Festival All-Star: Shambhala's ShambhaMom, Britz RobinsArticle by: Marcus Dowling|@marcuskdowling
Fri May 18, 2018 | 11:15 AM
On the surface, one look at festival social media expert and Rossland, British Columbia native Britz Robins’ Facebook profile – where her occupation is listed as both “ShambhaMom” and “Rave Mom” – gives you a sense of why she’s a Festival All-Star. However, when you talk to her prior to the 18th annual Shambhala Music Festival in Salmo, B.C., you feel her dedication to the presentation, preservation, and modern development of festival culture.
“Shambhala was my first festival,” Robins says. “I was 17 years old and I had just graduated high school. Buying that festival ticket was really the first thing I did for myself as an adult.” Intriguingly, her first major "adult" moment was hilariously tied into the magic of festival culture, too. She continues, “My ride [to the festival] drove in with my ticket, so I waited outside the gate for six hours. Finally, some kind volunteer took pity on me and I walked in with a festival supervisor to find the person that drove in with my ticket.”
The story doesn’t stop there. Inside the fest (then only attended by about 3,000 people), she ran into a friend of hers she had met at a rave two weeks prior who offered to buy her a new ticket.” Thinking back, she opines, “It was my first time experiencing festival magic and how things work out.”
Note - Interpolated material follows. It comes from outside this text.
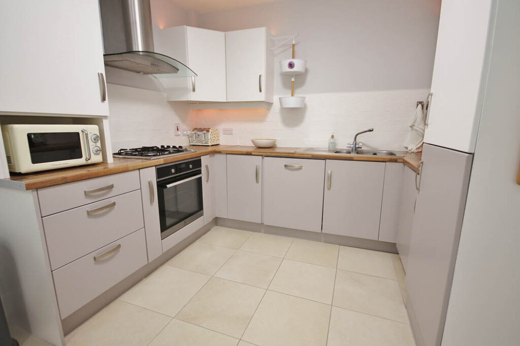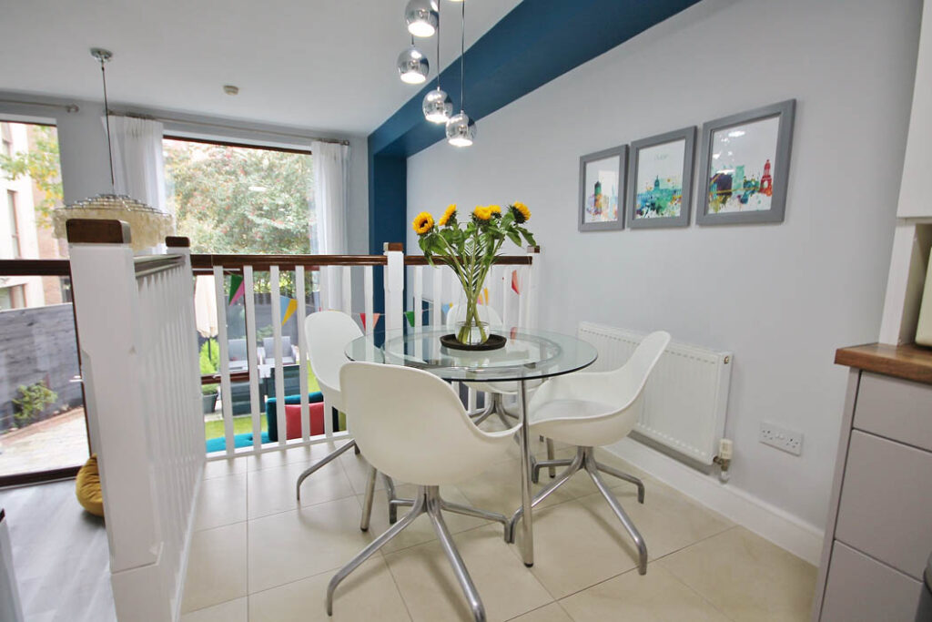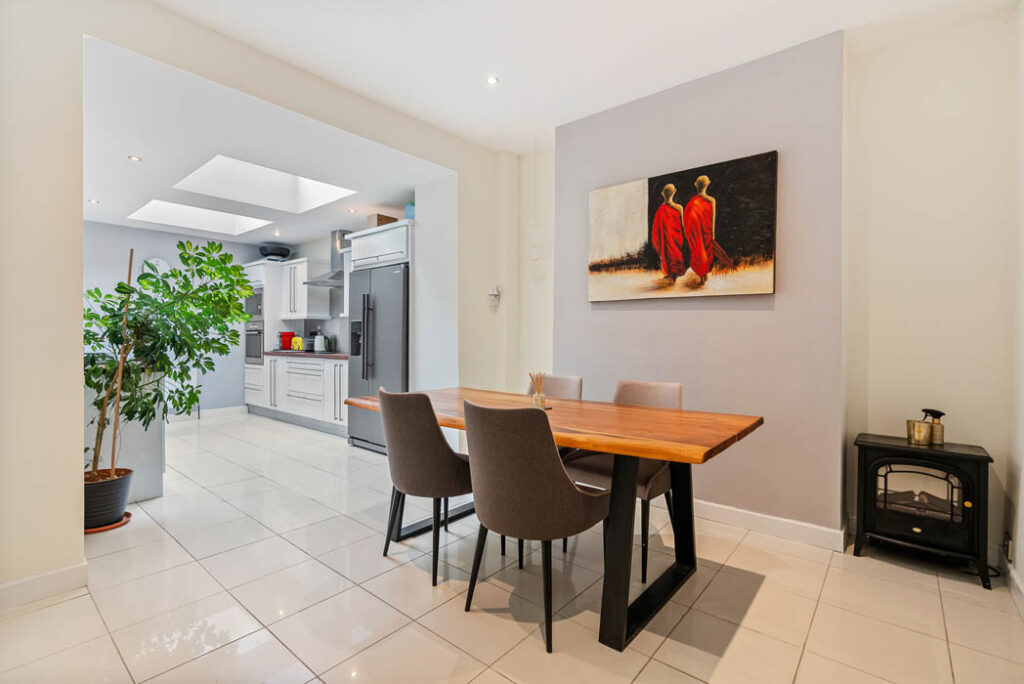 The house, which extends to over 95 square metres, boasts a separate living room and kitchen-diner.

And things have certainly worked out for Robins. To this day, she has worn many crucial hats for Shambhala, ever since her first foray through the festival gates at 17. She's organized human resources, managed volunteers, handled social media, and has actually performed as a vocalist at the festival. Expertly juggling so many jobs is a story that requires a deeper understanding of how Shambhala's magical atmosphere has affected Robins' life.
“There was nothing I had ever seen like [Shambhala]," she says of her initial intrigue with the fest's early days. "I thought it was so cool, mainly because electronic music was so underground back then. It was mostly something that you only saw in the cities. For this little network of small towns to be bringing in world-class electronic music talent was something really special.”
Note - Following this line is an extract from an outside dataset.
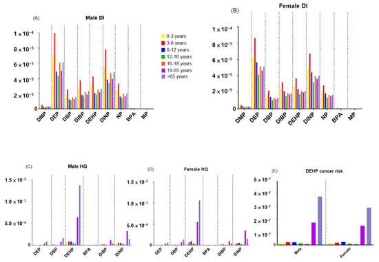 The mean DIs of different age groups were calculated for individual EEDCs through the consumption of estuarine fish and are shown in Figure 3A,B for males and females, respectively. Children, including infants, toddlers, young children, and school-age children, were exposed to higher EEDC DIs than adolescents and adults, based on relatively low BW for children. The highest mean estimated DIs of ΣPAEs, BPA, NP, and MPs were evaluated for 3–6 ages as 29.0 × 10−5, 1.13 × 10−6, 3.31 × 10−5, and 3.56 × 10−7, respectively, among the age groups. Figure 3 C, D shows the mean estimated HQs of seven EEDCs, such as DEP, DBP, DEHP, DIBP, DINP BPA, and NP, for males and females in the different age groups, and our values were notably lower than 1.00, indicating no non-cancer risks were found in the present study. The values (Rs) of cancer risk for DEHP ranged between 1.36 × 10−8 and 1.80 × 10−7 and between 7.32 × 10−9 and 1.55 × 10−7 in males and females, respectively, and were significantly below the critical value of 1.00 × 10−6. No cancer risk was found in our age groups.

After her first trip at 17, she was going every year and participating year-round on Shambhala's online forums – so much so, that she was booked to sing at one of the stages one year. However, that almost didn't happen.
"I booked time off from my job in January and they were like, yeah sure, you can have the time off," she says. "One of our co-workers got really, really sick, so they told me that I couldn’t have that time off. I asked if my bosses knew how important it was for me to go to Shambhala, which was my creative expression outside of work. They reiterated that I couldn’t go.”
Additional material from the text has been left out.